** Opening MATERIAL SUPPLIED block **

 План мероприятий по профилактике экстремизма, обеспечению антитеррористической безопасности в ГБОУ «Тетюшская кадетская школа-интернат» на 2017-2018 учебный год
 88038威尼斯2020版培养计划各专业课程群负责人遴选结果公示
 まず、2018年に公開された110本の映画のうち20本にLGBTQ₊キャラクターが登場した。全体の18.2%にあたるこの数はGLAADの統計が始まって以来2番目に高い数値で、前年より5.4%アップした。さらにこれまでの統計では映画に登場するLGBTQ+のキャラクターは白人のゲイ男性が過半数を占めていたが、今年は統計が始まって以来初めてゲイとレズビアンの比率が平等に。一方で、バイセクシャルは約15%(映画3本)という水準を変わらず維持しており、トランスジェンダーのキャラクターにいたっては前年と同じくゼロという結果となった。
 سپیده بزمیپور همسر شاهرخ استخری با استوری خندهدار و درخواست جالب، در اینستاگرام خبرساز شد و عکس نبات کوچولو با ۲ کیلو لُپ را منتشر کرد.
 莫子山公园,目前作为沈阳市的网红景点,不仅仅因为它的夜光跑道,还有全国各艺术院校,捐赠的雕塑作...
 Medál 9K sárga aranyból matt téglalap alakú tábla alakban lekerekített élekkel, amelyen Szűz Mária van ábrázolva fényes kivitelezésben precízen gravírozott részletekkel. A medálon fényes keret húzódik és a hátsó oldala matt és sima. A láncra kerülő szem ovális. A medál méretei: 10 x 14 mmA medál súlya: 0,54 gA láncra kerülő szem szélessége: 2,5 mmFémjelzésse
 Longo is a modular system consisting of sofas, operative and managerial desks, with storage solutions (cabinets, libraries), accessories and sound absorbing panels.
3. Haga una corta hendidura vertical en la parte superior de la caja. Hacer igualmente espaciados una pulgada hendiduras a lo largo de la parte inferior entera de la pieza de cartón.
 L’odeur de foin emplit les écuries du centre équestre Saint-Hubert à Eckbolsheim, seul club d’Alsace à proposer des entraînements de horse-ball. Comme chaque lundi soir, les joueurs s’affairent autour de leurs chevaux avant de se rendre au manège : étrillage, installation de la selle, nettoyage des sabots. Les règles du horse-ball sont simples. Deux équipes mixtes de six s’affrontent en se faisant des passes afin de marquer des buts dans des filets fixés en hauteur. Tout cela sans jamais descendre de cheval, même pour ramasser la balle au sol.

** Closing MATERIAL SUPPLIED block **
** Opening MATERIAL SUPPLIED block **

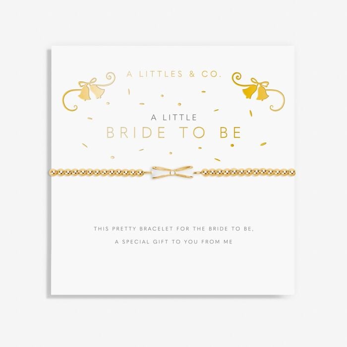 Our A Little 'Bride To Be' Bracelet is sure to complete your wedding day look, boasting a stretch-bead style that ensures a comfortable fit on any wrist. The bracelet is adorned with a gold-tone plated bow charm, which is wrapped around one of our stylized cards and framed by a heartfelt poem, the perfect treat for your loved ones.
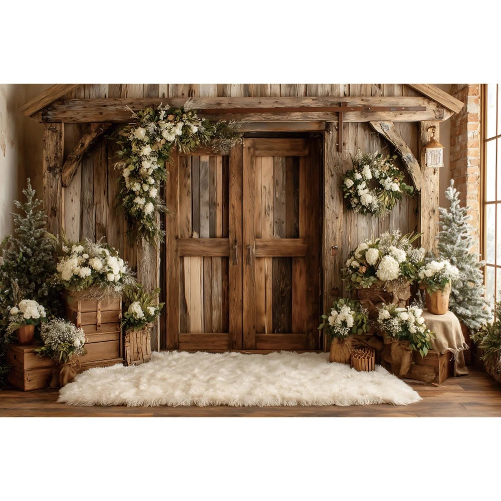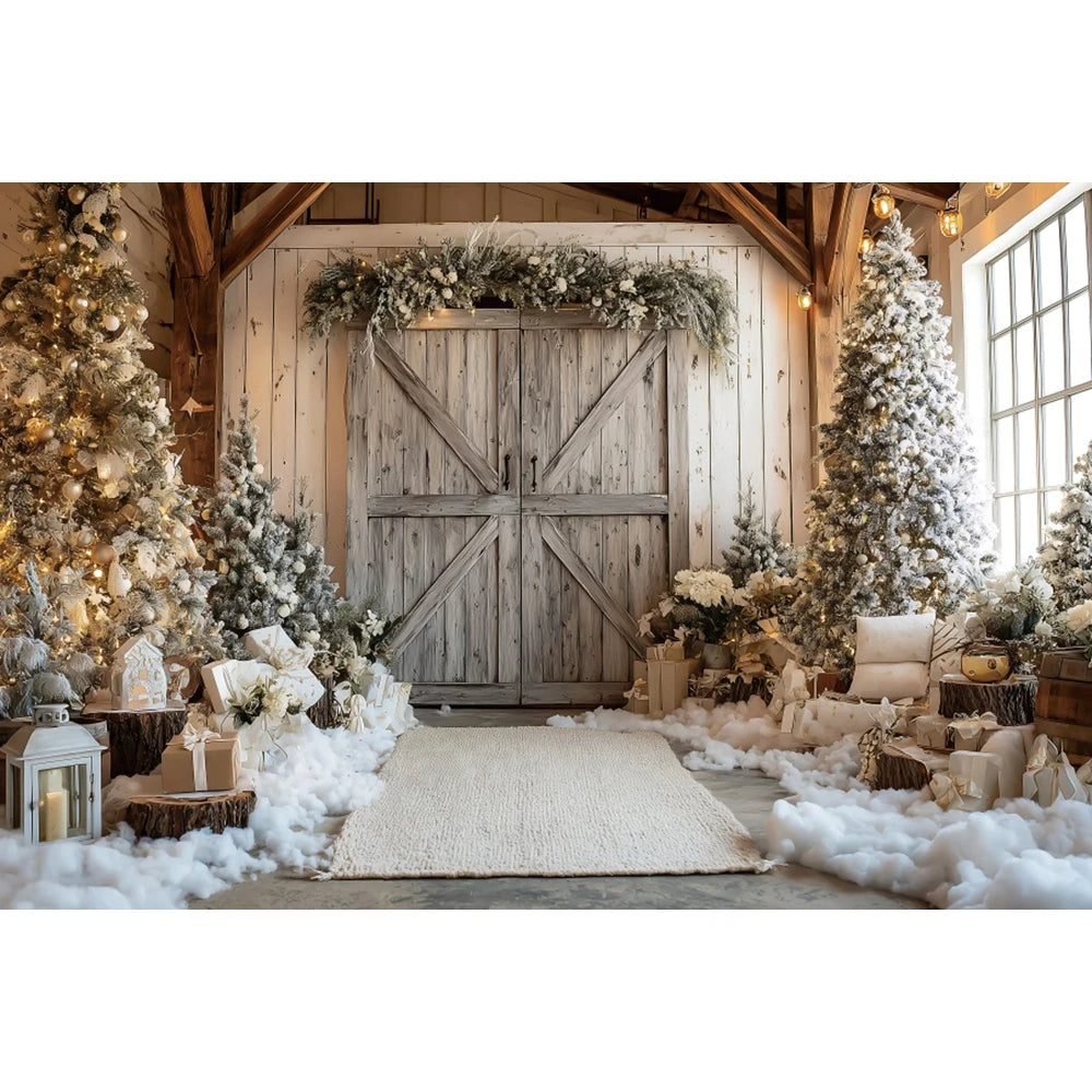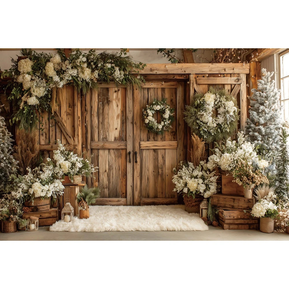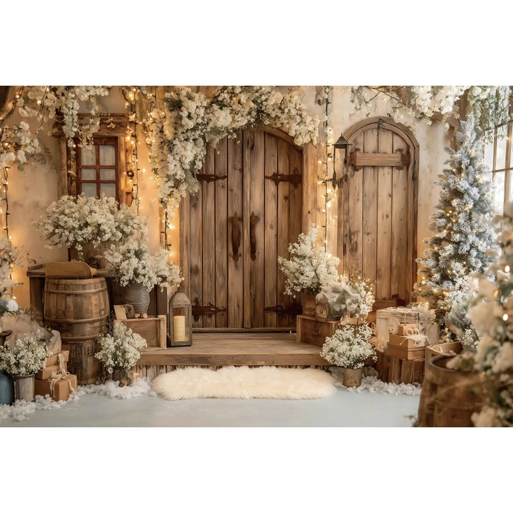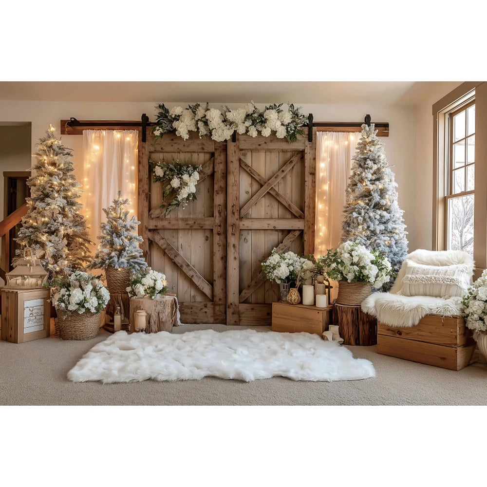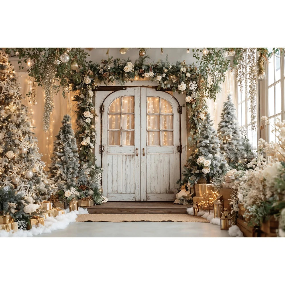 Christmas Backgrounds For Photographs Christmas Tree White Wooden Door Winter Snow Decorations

** Closing MATERIAL SUPPLIED block **
** Opening MATERIAL SUPPLIED block **

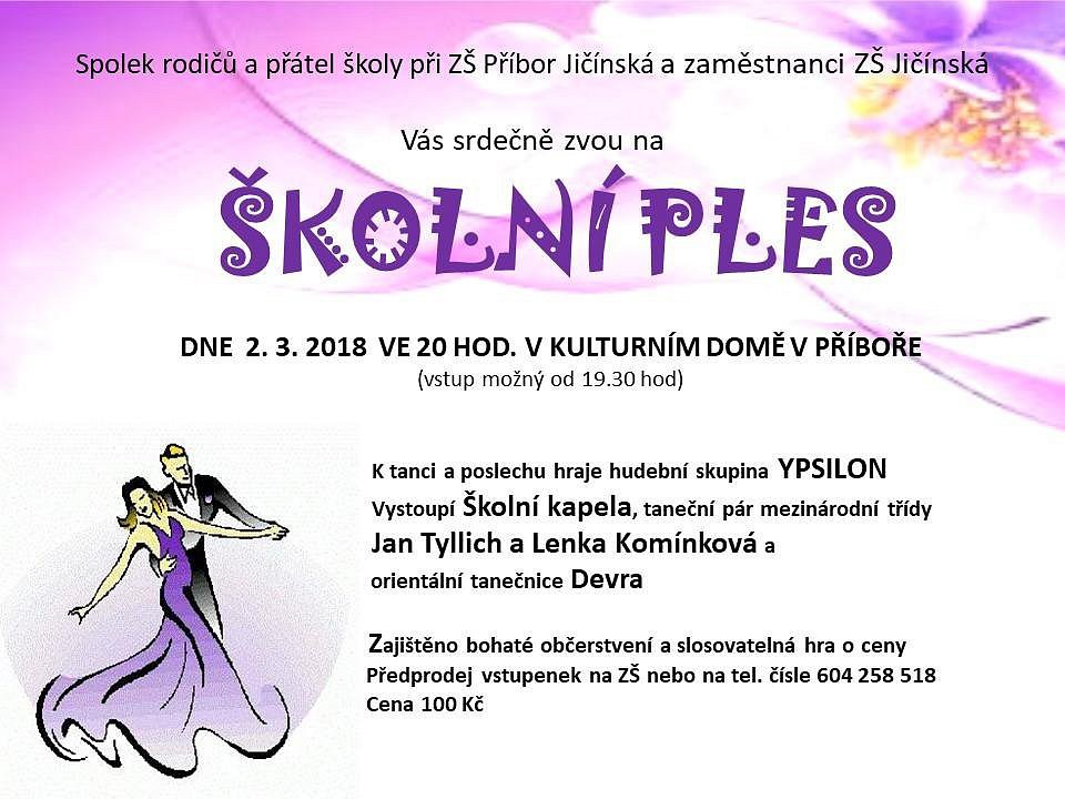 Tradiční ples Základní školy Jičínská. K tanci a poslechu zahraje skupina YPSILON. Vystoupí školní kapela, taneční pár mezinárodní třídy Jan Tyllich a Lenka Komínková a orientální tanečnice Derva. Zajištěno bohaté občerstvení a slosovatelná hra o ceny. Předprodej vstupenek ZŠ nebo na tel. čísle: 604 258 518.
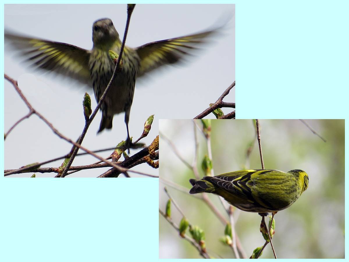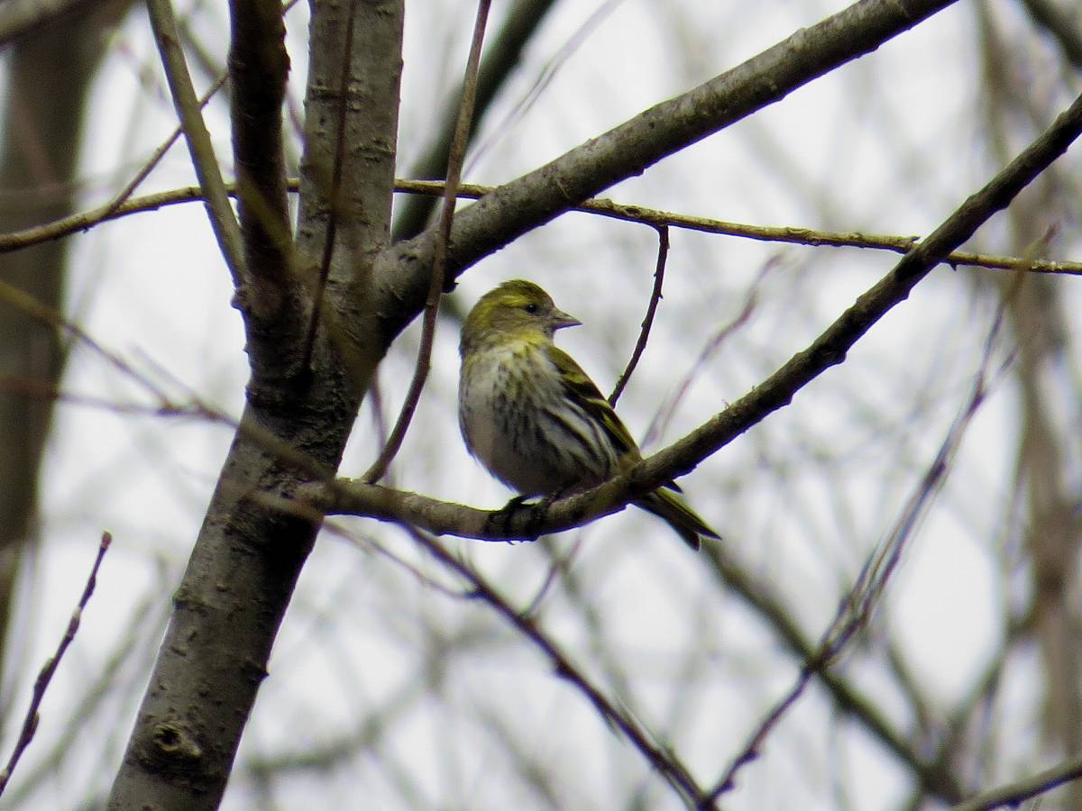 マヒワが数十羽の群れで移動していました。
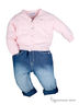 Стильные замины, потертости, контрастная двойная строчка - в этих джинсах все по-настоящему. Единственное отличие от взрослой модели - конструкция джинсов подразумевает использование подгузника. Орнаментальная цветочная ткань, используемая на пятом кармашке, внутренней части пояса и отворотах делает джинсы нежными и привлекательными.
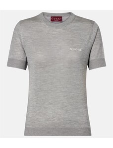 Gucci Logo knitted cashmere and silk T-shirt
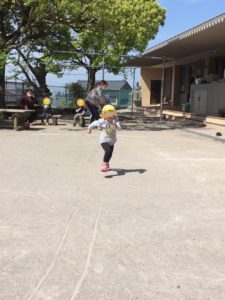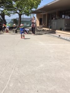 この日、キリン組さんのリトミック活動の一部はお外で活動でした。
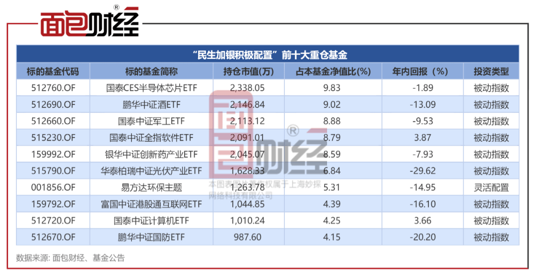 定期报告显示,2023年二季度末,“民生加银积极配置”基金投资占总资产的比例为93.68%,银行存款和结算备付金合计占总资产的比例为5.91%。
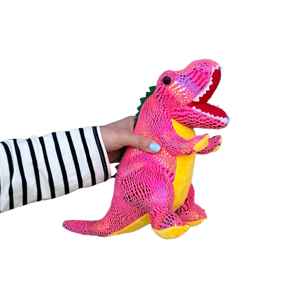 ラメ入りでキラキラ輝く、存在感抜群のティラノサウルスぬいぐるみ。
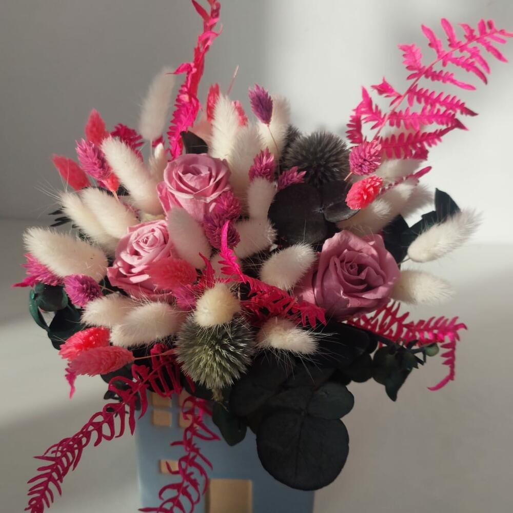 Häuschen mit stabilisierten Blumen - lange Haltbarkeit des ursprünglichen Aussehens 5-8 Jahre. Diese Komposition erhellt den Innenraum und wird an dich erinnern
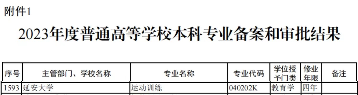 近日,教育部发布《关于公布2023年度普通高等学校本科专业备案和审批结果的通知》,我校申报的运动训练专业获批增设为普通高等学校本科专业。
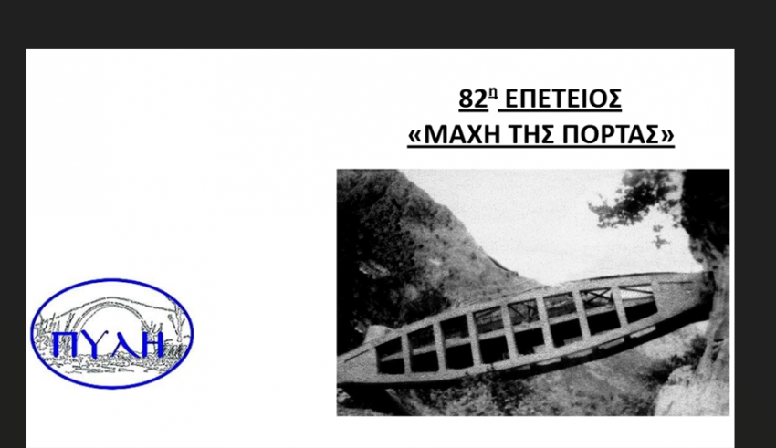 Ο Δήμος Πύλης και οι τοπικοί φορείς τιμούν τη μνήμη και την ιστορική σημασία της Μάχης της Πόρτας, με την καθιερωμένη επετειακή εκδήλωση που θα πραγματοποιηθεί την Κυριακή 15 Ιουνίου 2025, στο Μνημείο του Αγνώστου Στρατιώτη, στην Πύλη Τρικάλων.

** Closing MATERIAL SUPPLIED block **

Every line above in the stretch from the one with "Häuschen mit stabilisierten" through the one with "Ο Δήμος Πύλης" is to be transcribed exactly, ends included. No picture is copied.

> _TASK RESULT_:
 Häuschen mit stabilisierten Blumen - lange Haltbarkeit des ursprünglichen Aussehens 5-8 Jahre. Diese Komposition erhellt den Innenraum und wird an dich erinnern
 近日,教育部发布《关于公布2023年度普通高等学校本科专业备案和审批结果的通知》,我校申报的运动训练专业获批增设为普通高等学校本科专业。
 Ο Δήμος Πύλης και οι τοπικοί φορείς τιμούν τη μνήμη και την ιστορική σημασία της Μάχης της Πόρτας, με την καθιερωμένη επετειακή εκδήλωση που θα πραγματοποιηθεί την Κυριακή 15 Ιουνίου 2025, στο Μνημείο του Αγνώστου Στρατιώτη, στην Πύλη Τρικάλων.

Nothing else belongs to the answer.